Information shown ->
──────────────────────────────

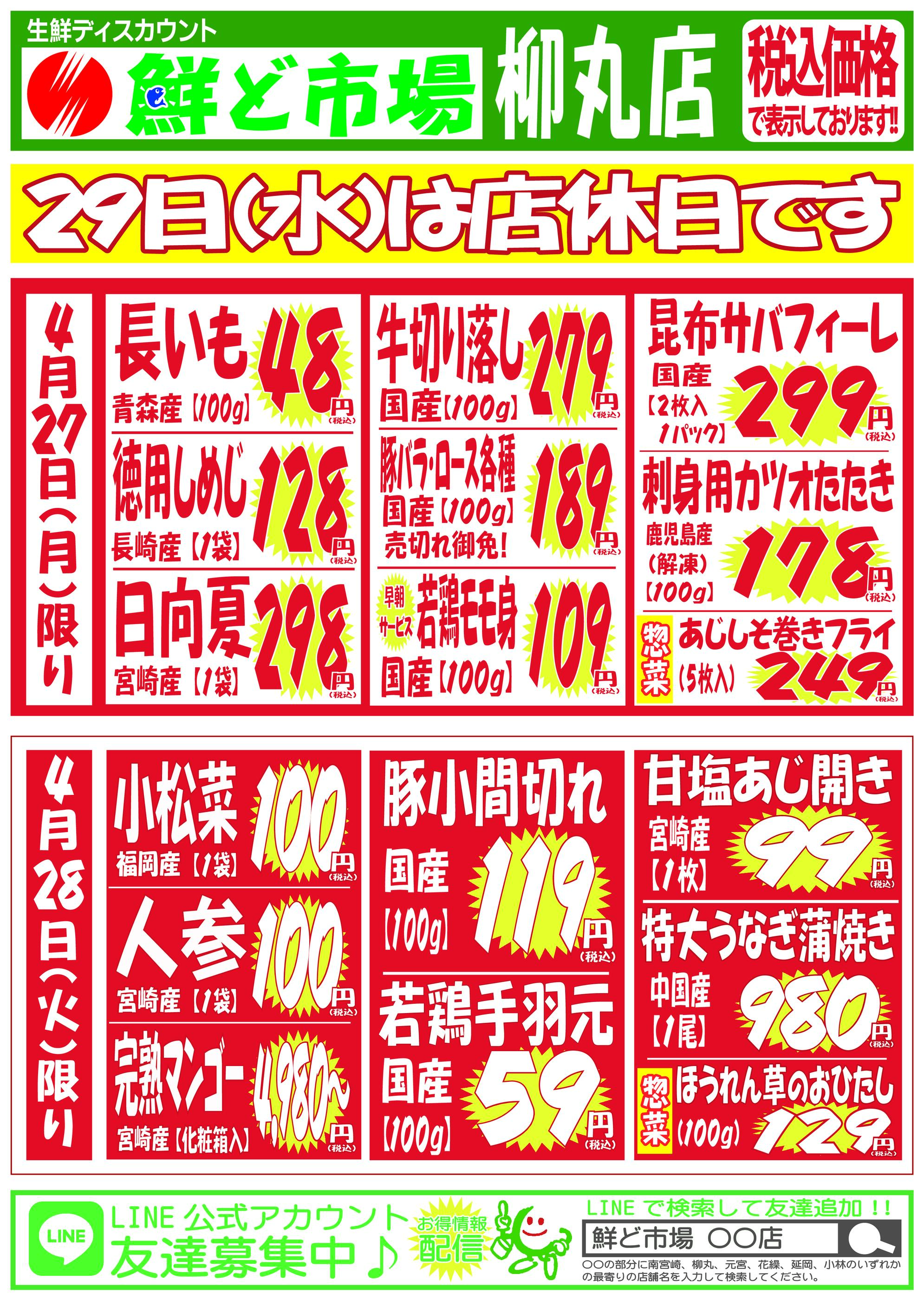 鮮ど市場柳丸店今週のチラシ(2026年4月20日〜4月26日)
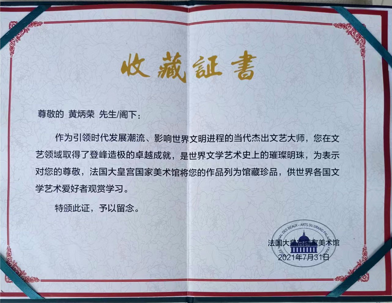 其作品被法国大皇宫国家美术馆收藏。现为中国当代艺术协会副主席,宋庄国际书画院终身院长,世界华人文艺家协会副秘书长,中国写生会精英会员,国家一级美术师,绍兴三味书画院院士。
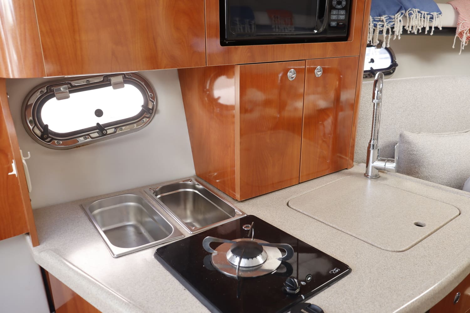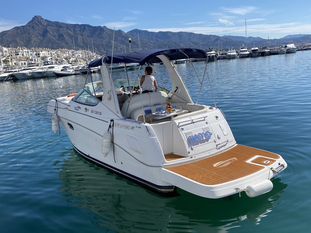 This yacht is the perfect choice to enjoy a day at sea with family or friends. Fully equipped inside and out. The Four Wins 268 offers a large bathing platform at the stern and a large sundeck at the bow where you can sunbathe and relax. It also has an interior cabin equipped with kitchen, dining area and bathroom. The price includes professional skipper, fuel, drinks and snorkel goggles.
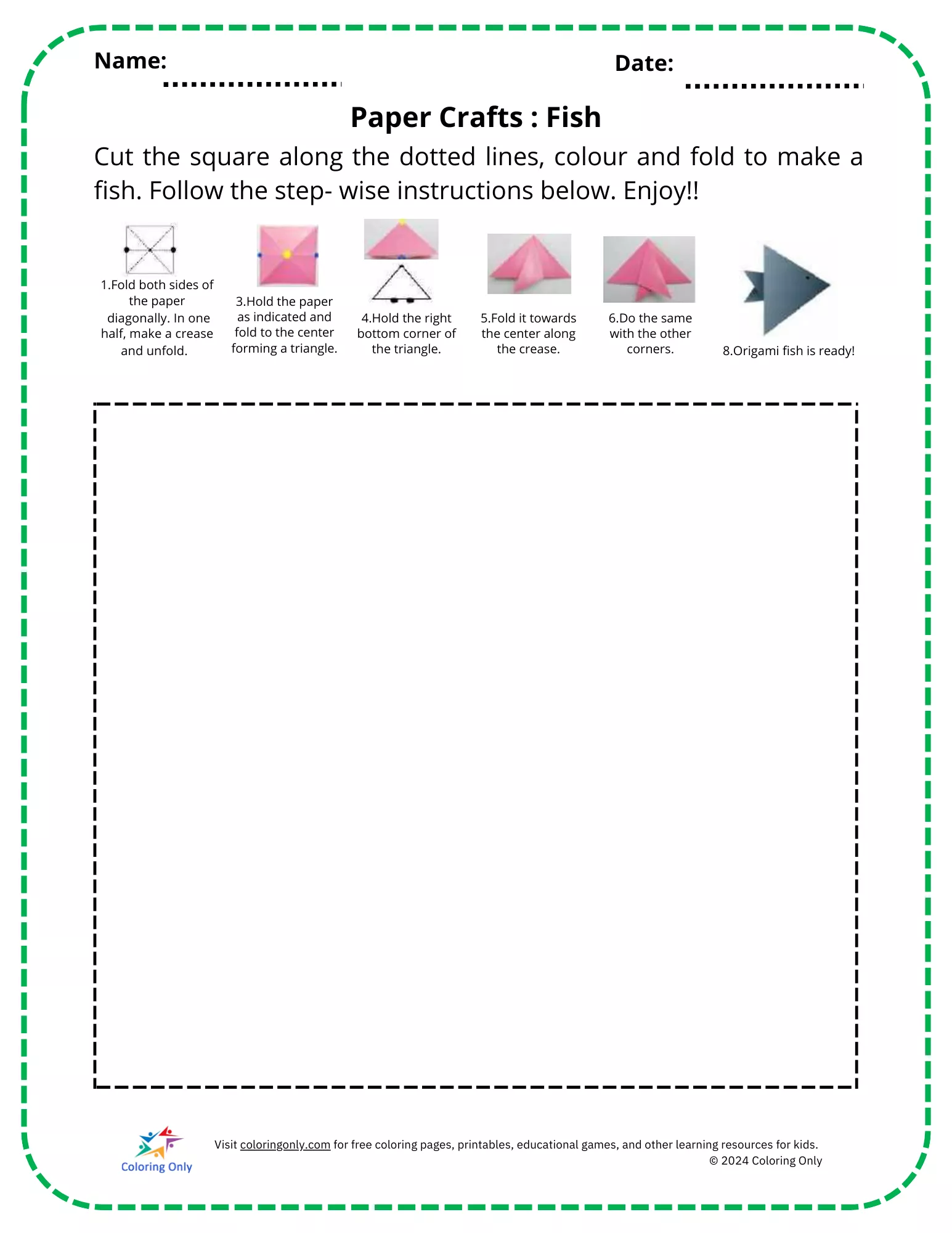Your little ones to the fun world of origami with this Paper Crafts: Fish Free Printable Worksheet! Perfect for kindergarteners, this engaging activity combines creativity and learning. The worksheet provides step-by-step instructions to fold a square paper into a cute fish shape. Kids can cut along the dotted lines, color the paper, and follow the simple folding guide to create their own origami masterpiece. This hands-on craft enhances fine motor skills, boosts concentration, and sparks imagination. Whether at home or in the classroom, this Paper Crafts: Fish Free Printable Worksheet is an enjoyable way to develop artistic skills while having fun.

──────────────────────────────

Instructions for the task -> Beginning with the line that contains "This yacht is", write out the remaining lines of the listing above through the last, exactly and only those, without pictures.

Expected answer ->
 This yacht is the perfect choice to enjoy a day at sea with family or friends. Fully equipped inside and out. The Four Wins 268 offers a large bathing platform at the stern and a large sundeck at the bow where you can sunbathe and relax. It also has an interior cabin equipped with kitchen, dining area and bathroom. The price includes professional skipper, fuel, drinks and snorkel goggles.
Your little ones to the fun world of origami with this Paper Crafts: Fish Free Printable Worksheet! Perfect for kindergarteners, this engaging activity combines creativity and learning. The worksheet provides step-by-step instructions to fold a square paper into a cute fish shape. Kids can cut along the dotted lines, color the paper, and follow the simple folding guide to create their own origami masterpiece. This hands-on craft enhances fine motor skills, boosts concentration, and sparks imagination. Whether at home or in the classroom, this Paper Crafts: Fish Free Printable Worksheet is an enjoyable way to develop artistic skills while having fun.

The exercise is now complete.